Records from a data source:
********
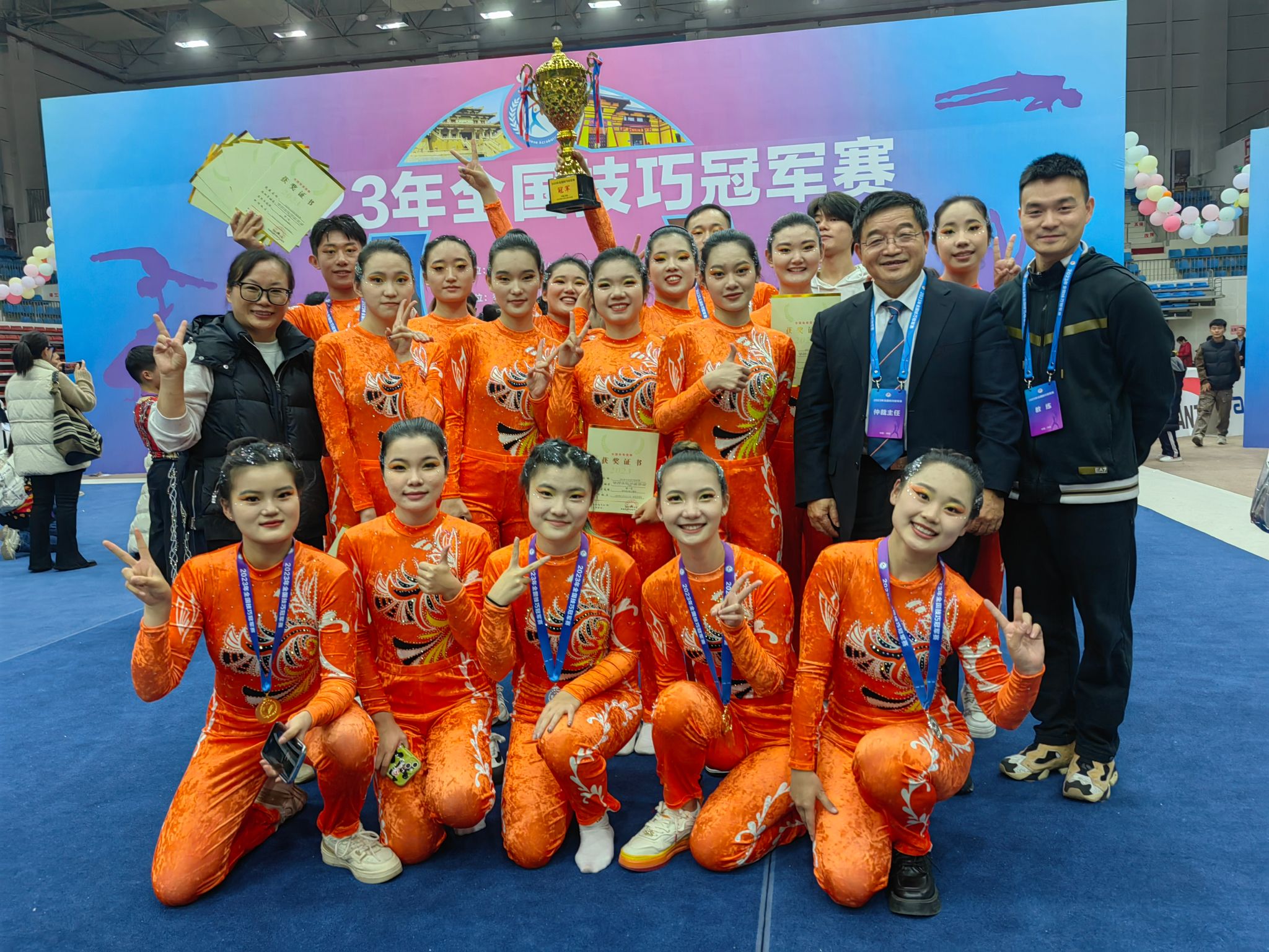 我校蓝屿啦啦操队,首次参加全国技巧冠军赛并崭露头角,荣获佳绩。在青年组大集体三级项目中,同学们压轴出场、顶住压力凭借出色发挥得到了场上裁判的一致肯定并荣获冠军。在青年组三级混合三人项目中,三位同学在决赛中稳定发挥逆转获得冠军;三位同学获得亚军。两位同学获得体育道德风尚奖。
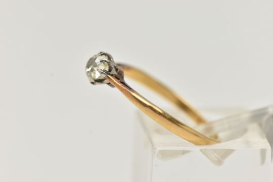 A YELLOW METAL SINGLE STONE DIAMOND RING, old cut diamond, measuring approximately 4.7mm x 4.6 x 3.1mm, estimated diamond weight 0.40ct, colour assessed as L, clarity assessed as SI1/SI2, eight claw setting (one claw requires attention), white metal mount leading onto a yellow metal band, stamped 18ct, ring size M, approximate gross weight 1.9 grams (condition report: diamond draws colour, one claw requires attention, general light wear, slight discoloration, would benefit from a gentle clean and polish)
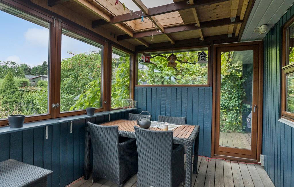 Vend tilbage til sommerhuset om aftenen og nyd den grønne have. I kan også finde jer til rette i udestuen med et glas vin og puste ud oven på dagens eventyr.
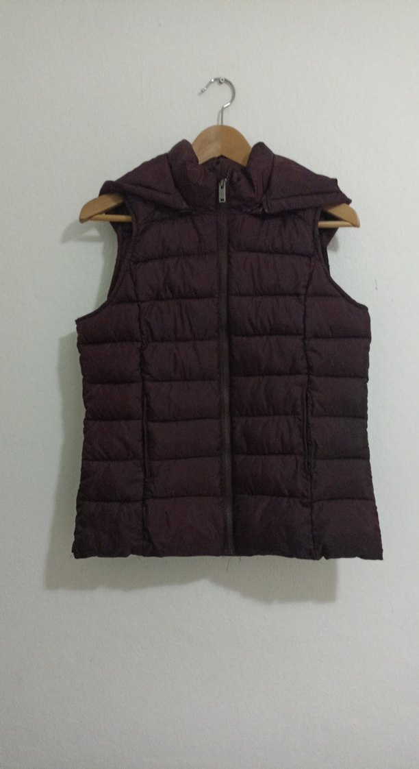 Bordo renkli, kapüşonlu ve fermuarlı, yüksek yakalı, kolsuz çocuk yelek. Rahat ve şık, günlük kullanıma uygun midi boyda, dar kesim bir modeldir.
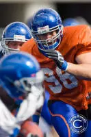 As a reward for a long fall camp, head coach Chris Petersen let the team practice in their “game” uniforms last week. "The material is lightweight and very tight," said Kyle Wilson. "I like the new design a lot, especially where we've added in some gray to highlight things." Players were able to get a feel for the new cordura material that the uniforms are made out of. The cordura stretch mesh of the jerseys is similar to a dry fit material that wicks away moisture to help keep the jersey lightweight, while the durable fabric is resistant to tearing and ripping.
********
→ WHAT TO DO
Above are some entries; copy exactly the lines from the line with "Vend tilbage til" through the line with "Bordo renkli, kapüşonlu", both included, but none of the pictures.

→ RESPONSE TO THE TASK
 Vend tilbage til sommerhuset om aftenen og nyd den grønne have. I kan også finde jer til rette i udestuen med et glas vin og puste ud oven på dagens eventyr.
 Bordo renkli, kapüşonlu ve fermuarlı, yüksek yakalı, kolsuz çocuk yelek. Rahat ve şık, günlük kullanıma uygun midi boyda, dar kesim bir modeldir.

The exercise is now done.